Due to my recent photographic inactivity, I've missed out on a number of seasonal highlights and I can't help feeling a little disappointed that this year I haven't visited the Gannet colony at Bempton Cliffs on the North East Yorkshire coast.
This site is without doubt one of the best places on earth to see these spectacular Sea Birds at close quarters...
A visit in late may or early June is recommended because the birds are very active in courtship and nest building activities, not to mention some amazing aerial displays...
Once a very rare spot, the Little Ringed Plover has become something of a success story in recent years. Although still almost exclusively confined to the reservoirs and gravel pits of England and a few small areas of Wales, UK breeding numbers are now around the 1000 pair mark.
These beautiful little Waders arrive on our shores in March and have usually bred and migrated by early July.
A couple of posts back I shared some shots of Rabbits taken at a picnic area close to the River Goyt in Stockport.
You may recall I mentioned a wild flower meadow which is the usual place to spot these creatures in this particular area and this reminded me of a shot I took a few years ago of a Bunny hiding amongst the wild flowers.
I've always been quite fond of this picture because it proved very tricky to get somewhere near the effect I was after and I must have shot 50 frames to achieve it!
I was trying to focus on the Rabbits eye which was easier said than done because I was shooting through tall grass and flora.
Everytime I thought I had the focus right, the auto-focus would decided otherwise and it became a very frustrating business!
In the end I switched to manual focus and got this shot...
Ok, it's not by any means the greatest photograph in the world, but I like the colours and everytime I see it, it reminds me of the troubles I had getting it!
Wildlife is always all around us, but so wary is it of human beings it can quite easily go unnoticed.
There is an old saying about siting still and quiet in some wild place and within 15 minutes everything will return to normal...That is nature will carry on with it's business.
A good case in point occurred on my travels this morning...
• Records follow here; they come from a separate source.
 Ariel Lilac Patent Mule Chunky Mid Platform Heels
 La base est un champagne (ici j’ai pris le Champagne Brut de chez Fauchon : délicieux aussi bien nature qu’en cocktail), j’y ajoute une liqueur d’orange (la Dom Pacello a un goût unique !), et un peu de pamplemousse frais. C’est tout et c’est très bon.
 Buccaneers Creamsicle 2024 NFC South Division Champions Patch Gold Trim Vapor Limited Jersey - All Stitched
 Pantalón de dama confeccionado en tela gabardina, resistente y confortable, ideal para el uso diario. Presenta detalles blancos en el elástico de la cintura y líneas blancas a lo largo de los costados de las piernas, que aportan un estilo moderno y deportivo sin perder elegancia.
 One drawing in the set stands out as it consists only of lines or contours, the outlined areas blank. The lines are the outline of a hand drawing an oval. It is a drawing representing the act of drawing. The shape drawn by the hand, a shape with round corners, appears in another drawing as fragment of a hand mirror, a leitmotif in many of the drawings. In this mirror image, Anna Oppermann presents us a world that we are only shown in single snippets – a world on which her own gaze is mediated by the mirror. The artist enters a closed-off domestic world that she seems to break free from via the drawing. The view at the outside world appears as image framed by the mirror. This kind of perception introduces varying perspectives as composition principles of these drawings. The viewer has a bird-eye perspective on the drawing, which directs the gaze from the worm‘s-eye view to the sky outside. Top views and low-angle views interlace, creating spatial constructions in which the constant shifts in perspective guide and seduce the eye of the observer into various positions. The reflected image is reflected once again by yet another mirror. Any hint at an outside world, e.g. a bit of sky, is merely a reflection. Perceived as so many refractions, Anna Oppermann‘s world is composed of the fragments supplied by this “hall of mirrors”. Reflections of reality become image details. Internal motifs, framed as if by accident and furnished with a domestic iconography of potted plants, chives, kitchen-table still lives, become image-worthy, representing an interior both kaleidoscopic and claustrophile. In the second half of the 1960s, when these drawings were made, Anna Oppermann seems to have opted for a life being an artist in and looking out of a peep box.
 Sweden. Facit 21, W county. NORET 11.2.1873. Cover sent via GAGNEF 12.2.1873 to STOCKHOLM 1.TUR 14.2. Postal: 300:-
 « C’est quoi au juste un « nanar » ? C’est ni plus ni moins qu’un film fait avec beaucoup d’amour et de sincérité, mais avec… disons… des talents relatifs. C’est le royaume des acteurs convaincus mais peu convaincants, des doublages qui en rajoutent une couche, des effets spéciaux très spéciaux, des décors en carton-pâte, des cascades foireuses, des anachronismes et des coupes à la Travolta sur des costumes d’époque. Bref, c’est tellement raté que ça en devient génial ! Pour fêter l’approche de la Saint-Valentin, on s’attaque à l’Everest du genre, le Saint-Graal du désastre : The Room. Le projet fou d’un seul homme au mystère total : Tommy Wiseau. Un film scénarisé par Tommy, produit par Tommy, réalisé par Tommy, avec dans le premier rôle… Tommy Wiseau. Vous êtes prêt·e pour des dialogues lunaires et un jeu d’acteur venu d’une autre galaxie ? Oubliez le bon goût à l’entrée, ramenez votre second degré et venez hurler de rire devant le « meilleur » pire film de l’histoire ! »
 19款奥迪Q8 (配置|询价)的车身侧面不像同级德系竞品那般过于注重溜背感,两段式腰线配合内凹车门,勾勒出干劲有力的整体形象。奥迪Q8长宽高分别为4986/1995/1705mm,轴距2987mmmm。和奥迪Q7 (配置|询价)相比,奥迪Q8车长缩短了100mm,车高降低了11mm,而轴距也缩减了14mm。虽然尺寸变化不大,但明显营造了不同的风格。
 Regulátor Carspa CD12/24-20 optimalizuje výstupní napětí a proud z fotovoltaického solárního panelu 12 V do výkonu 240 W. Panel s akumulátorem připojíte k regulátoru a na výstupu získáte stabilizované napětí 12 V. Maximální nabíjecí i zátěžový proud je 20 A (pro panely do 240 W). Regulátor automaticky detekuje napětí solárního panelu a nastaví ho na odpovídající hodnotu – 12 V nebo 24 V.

I took a walk to a spot along the River Goyt close to my home which is usually a good vantage point for species such as Kingfisher, Dipper and Grey Wagtail to name just a few.
To gain access to this spot, I have to walk by meadows full of tall wild flower and grasses before passing through a mowed picnic area by the rivers edge.
The tall meadows play host to a variety of species and are a favourite feeding place for Rabbits because of the excellent cover it provides against predators such as Foxes and Buzzards which are plentiful in this area.
I arrived at the riverbank at around 8am after spending two hours trying to motivate myself to actually get out with the camera!
After spending 20 or so fruitless minutes scanning the river for the before mentioned target species I decided to try my luck elsewhere and headed back towards the picnic area which I had walked through before.
To my surprise the place had come to life and a dozen or so Rabbits were spread around busily feeding on the plentiful Clover flowers that were thriving on this patch of maintained land.
The Clover certainly was proving irresistible to the Bunnies, because these usually most timid of creatures were so intensely eating that they didn't seem to mind my presence and even allowed me to get within a few feet of them on open ground!